Exploring Lottery Prompts for Pre-trained Language Models
This work addresses the computational burden of adapting large language models for NLP tasks, offering a more efficient alternative to fine-tuning, though it is incremental as it builds on existing prompting methods.
The paper tackles the inefficiency of fine-tuning pre-trained language models by exploring instance-specific 'lottery prompts' that can induce correct predictions, finding that these prompts can be generalized to unseen data with prompt ensembling, achieving results comparable to other gradient-free and optimization-free baselines.
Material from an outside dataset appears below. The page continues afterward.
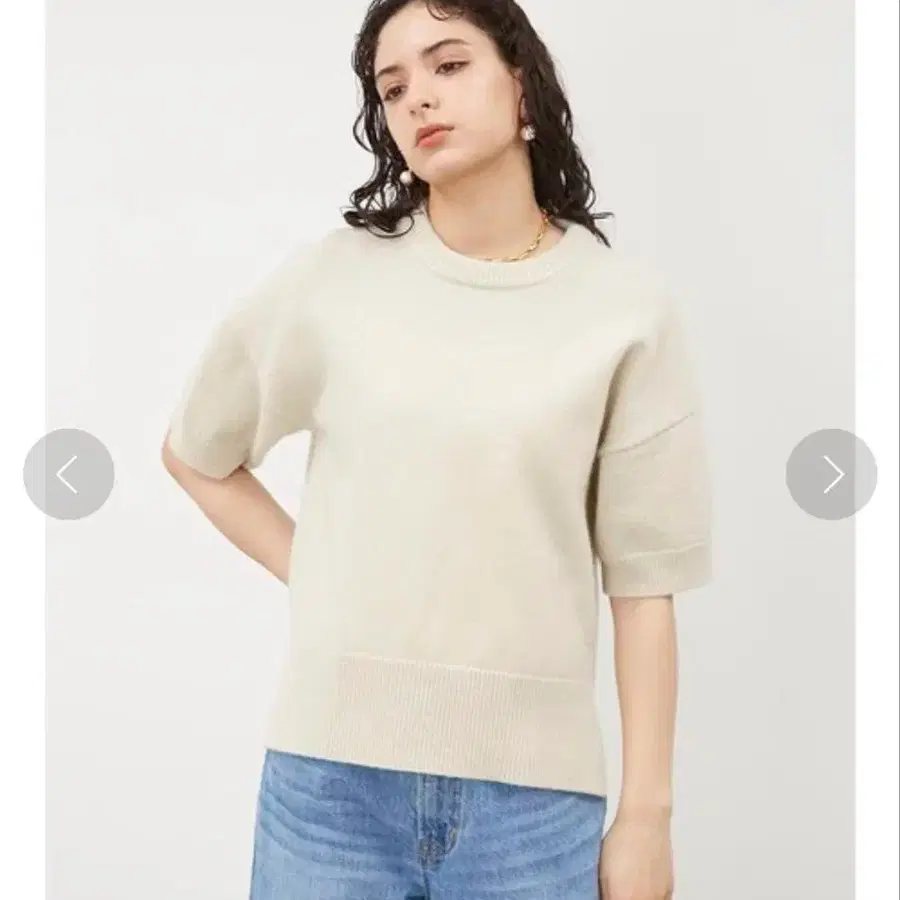 미라 오웬 미들 게이지 하프 슬리브 니트 풀오버

Consistently scaling pre-trained language models (PLMs) imposes substantial burdens on model adaptation, necessitating more efficient alternatives to conventional fine-tuning. Given the advantage of prompting in the zero-shot setting and the observed performance fluctuation among different prompts, we explore the instance-level prompt and their generalizability. By searching through the prompt space, we first validate the assumption that for every instance, there is almost always a lottery prompt that induces the correct prediction from the PLM, and such prompt can be obtained at a low cost thanks to the inherent ability of PLMs. Meanwhile, we find that some strong lottery prompts have high performance over the whole training set, and they are equipped with distinguishable linguistic features. Lastly, we attempt to generalize the searched strong lottery prompts to unseen data with prompt ensembling method without any parameter tuning. Experiments are conducted on various types of NLP classification tasks and demonstrate that the proposed method can achieve comparable results with other gradient-free and optimization-free baselines.